You are viewing a plain text version of this content. The canonical link for it is here.
Posted to user@nutch.apache.org by Ernesto De Santis <de...@yahoo.com.ar> on 2006/09/11 02:54:26 UTC
rss integration
Hi all
I'm trying to integrate a rss and atom source to my nutch index.
I see that nutch has a RSSParser, but it seems that index the whole
source as one source, right?
I want to index each item separately.
Some body do it? What's the best approach.
I hope about do a external process to add Document's to nutch(lucene)
index using a rss fetcher like Rome. The negative point about it, is
that it isn't integrated with nutch.
I don't know details of nutch core to hack it, I don't know if is
possible to integrate it in nutch.
Thanks a lot!
Ernesto.
__________________________________________________
Preguntá. Respondé. Descubrí.
Todo lo que querías saber, y lo que ni imaginabas,
está en Yahoo! Respuestas (Beta).
¡Probalo ya!
http://www.yahoo.com.ar/respuestas
Re: rss integration
Posted by Ernesto De Santis <de...@yahoo.com.ar>.
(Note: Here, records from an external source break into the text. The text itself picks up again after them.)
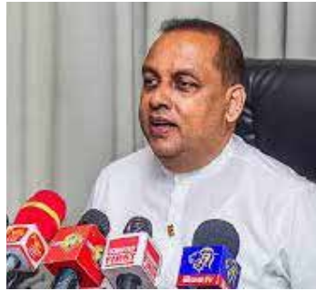
ரூபாவுக்கும் வழங்கப்படவுள்ளது. ஏனைய உரங்களின் விலையை 4500 ரூபாவால் குறைப்பது தொடர்பிலும் நடவடிக்கை எடுக்கப்பட்டுள்ளதாக விவசாய அமைச்சர் மஹிந்த அமரவீர மேலும் தெரிவித்துள்ளார்.

நெற்செய்கையில் ஈடுபடும் விவசாயிகளுக்கு உரத்தைக் கொள்வனவு செய்வதற்கான நிதிமானியம் வழங்குவது தொடர்பில் அரசாங்கம் கவனம் செலுத்தியுள்ளதாக விவசாய அமைச்சர் மஹிந்த அமரவீர தெரிவித்துள்ளார். விவசாயிகளின் உற்பத்தி செலவைக் குறைப்பதற்காகவே இந்த நிதிமானியம் வழங்கப்படவுள்ளது. அதற்கமைய ஒரு ஹெக்டேயரில் நெற் செய்கையை முன்னெடுக்கும் விவசாயிகளுக்கு 20 ஆயிரம் ரூபாவும், இரு ஹெக்டேயருக்கு 40 ஆயிரம் ரூபாவும் வழங்குவதற்கு ஜனாதிபதி தீர்மானித்துள்ளார். அதற்கமைய 5 லட்சத்து 50 ஆயிரம் விவசாயிகளுக்கு இந்த நிதிமானியத்தை வழங்குவதற்காக 11 பில்லியன் ரூபா ஒதுக்கப்பட்டுள்ளது. விவசாயிகளுக்கு தேவையான இலவசமாக வழங்கப்பட்டுள்ளதோடு யூரியா உர மூலையொன்று 10 ஆயிரம்
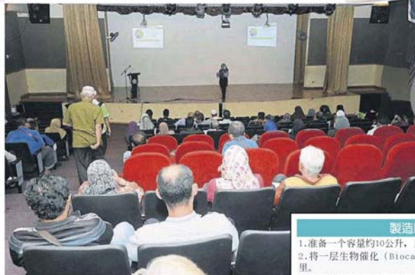
羅姬雅分享如何善用廚余製造堆肥。
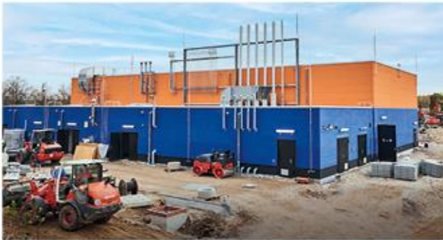
GÜS Buckow, Erneuerung 2020, Investition: 22,5 Mio. €
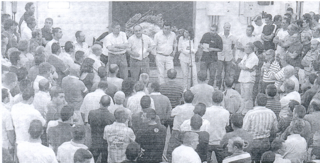
MASIVA. Las cuatro almadrabas gaditanas se reunieron ayer en Barbate para tomar medidas.
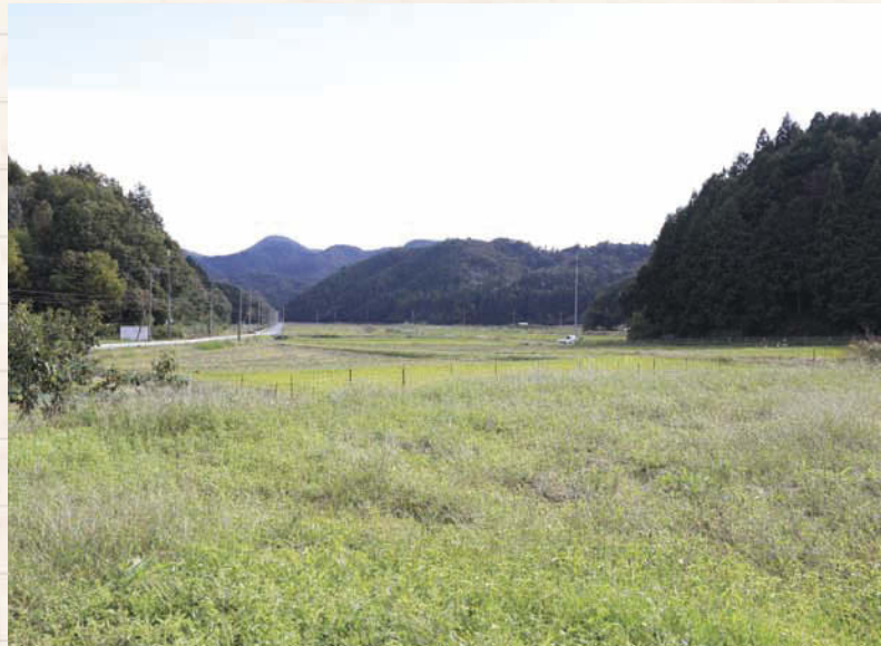
↑ 雑倉の風景。豊かな動植物がすんでいる。
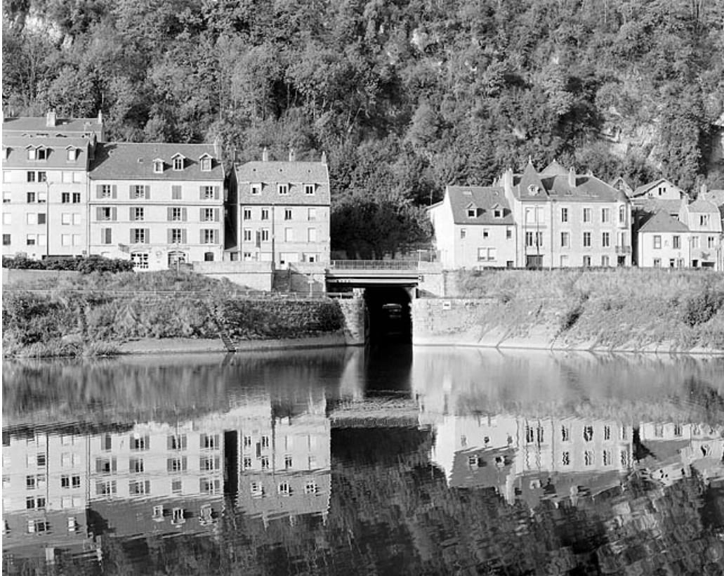
Vue d'ensemble de la porte de garde et de l'extrémité amont du tunnel.

25, Besançon Faubourg Rivotte, lieudit : îlot Faubourg Rivotte
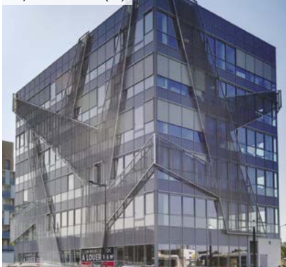
Skyline – Toulouse (31)

*** Pour les non résidents, seuls les immeubles détenus sont pris en compte.
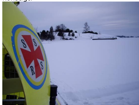
Sommartid är vi vana att det ligger en hel del båtar på bryggan.

Under patrulleringen hann vi även med att göra en liten avstickare till vår klubbholme Lindskär. Att få se Lindskär i vinterskrud var naturligtvis en upplevelse. Att se all snö och is där vi normalt brukar sitta och titta ut över viken kändes mycket konstigt.
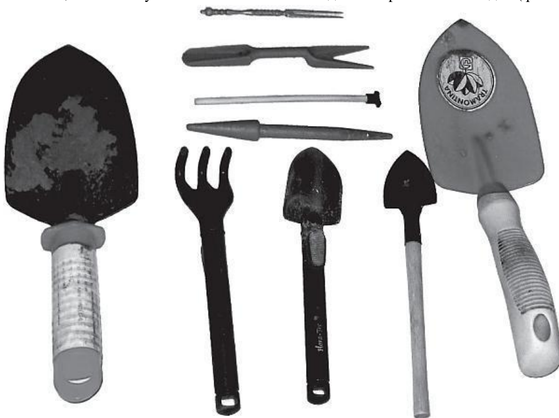
Фото 1. Инструменты для посева, пикирования и высадки цветов

Кроме того, могут понадобиться инструменты для посева и пикирования : ножницы, специальная палочка для посадки семян (можно заменить карандашом или старой шариковой ручкой, маленькие грабли, зубочистка, спичка или вилочка для бутербродов для передвижения мелких семян, маленькая узкая лопаточка с выемкой для пикирования и посадки (фото 1).
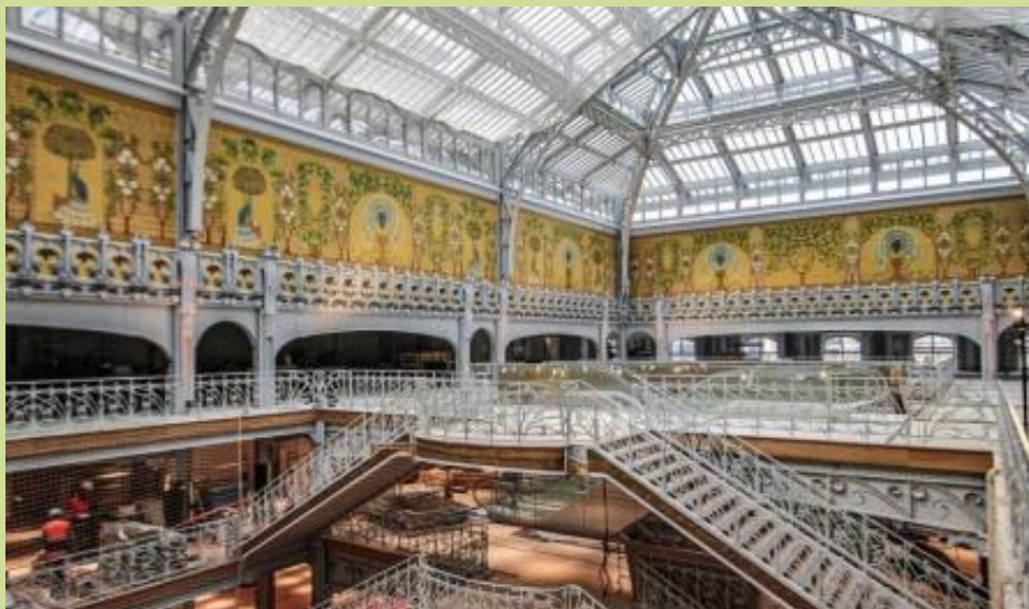
L'intérieur aussi vaut le détour. Les artisans embauchés par LVMH ont bien du talent.
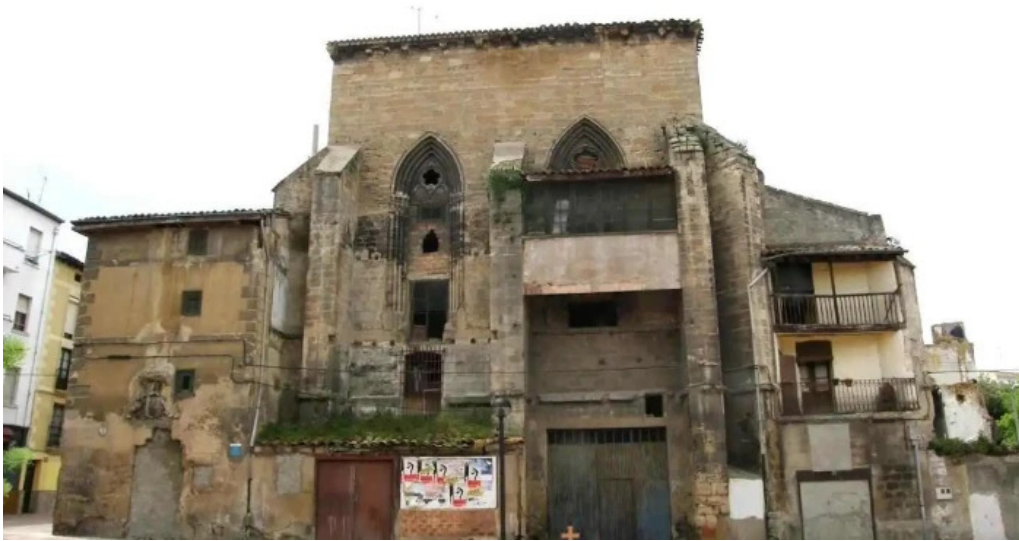
Iglesia de san juan miranda de ebro
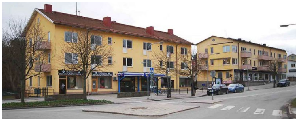
Kring Stockholmsvägen etablerades en centrummiljö under 1930-1950-talen.

Torsviks sydligaste del mot Stockholmsvägen präglades tidigt av den centrumbildning som uppstod i början av 1900-talet kring Torsvikstorg och Stockholmsvägen. I området uppfördes även Torsviks skola, vars äldsta byggnad är från 1906. Längs med Stockholmsvägen finns små bostads- och affärshus som enda återstoden av den centrummiljö som präglade Lidingö på 1930-1950-talen. I Torsvik finns även flera flerbostadshus som är utmärkta exempel på folkhemsbebyggelse från 1940-talets efterkrigstid, som på tex Siggebovägen och Skolvägen.
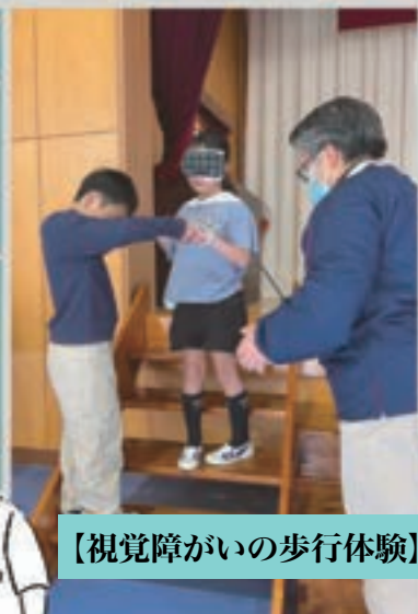
【視覚障がいの歩行体験】
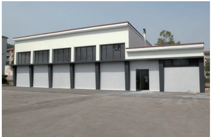
Le gymnase Joliot-Curie a fait peau neuve. De grands travaux ont été menés pour un montant s'élevant à 100 000 euros.

Thanks a lot Chris, it's working.
The key was in crawl-urlfilter.txt. Because all the url items had more
that three '/' and filtered characters like '?'
I did comment:
#-[?*!@=]
and
#-.*(/.+?)/.*?\1/.*?\1/
lines, and it works very well.
Thanks Chris!
Ernesto.
Chris Mattmann escribió:
> Hi Ernesto,
>
> You need to make sure that the links inside of the RSS files that are
> getting indexed are not filtered out by your url filter. For instance, say
> you had an RSS file that had the following links:
>
> http://foo.com/news/
> http://foo.bar.com/sports/
> http://bar.foo.com/breaking/news/highlights
>
> Well, you would need in your url filter to add support for each of the
> different host names and paths that you would be indexing. So, in your
> example below, I'm pretty sure that your URL filter below limits you to only
> those 2 domains, rss.cnn.com and www.cnn.com. I think that if you chanted
> your filter, for example to:
>
> +^http://([a-z0-9]*\.)*cnn.com/
>
> That might help. Ensure that the links present in the CNN RSS files fall
> within the *.cnn.com domain, otherwise, update your url filter accordingly.
>
> More specific comments below:
>
> On 9/10/06 11:23 PM, "Ernesto De Santis" <de...@yahoo.com.ar>
> wrote:
>
>
>> Hi Chris
>>
>> Thanks for your response.
>> But I can't do that it works.
>>
>> All times it indexes the whole channel as one Document.
>>
>> I did these steps (to index a cnn channel):
>>
>> 1- write in my seed file, with just one seed:
>>
>> http://rss.cnn.com/rss/cnn_topstories.rss
>>
>
> Good, that's the right thing to do.
>
>
>> 2- include the parser:
>>
>> In the file nutch-default.xml, tag plugin.includes, I include the rss
>> parser:
>>
>> <value>protocol-http|urlfilter-regex|parse-(rss|text|html|js)|index-basic|quer
>> y-(basic|site|url)|summary-basic|scoring-opic|index-url-category</value>
>>
>>
>
> Perfect.
>
>
>> 3- Accept cnn hosts
>>
>> In the file crawl.urlfilter.txt I wrote:
>> +^http://rss.cnn.com/
>> +^http://www.cnn.com/
>>
>
> See my comments above here. I think that you need to change these.
>
>
>> Then I run the crawler, but always I get an index with once Document.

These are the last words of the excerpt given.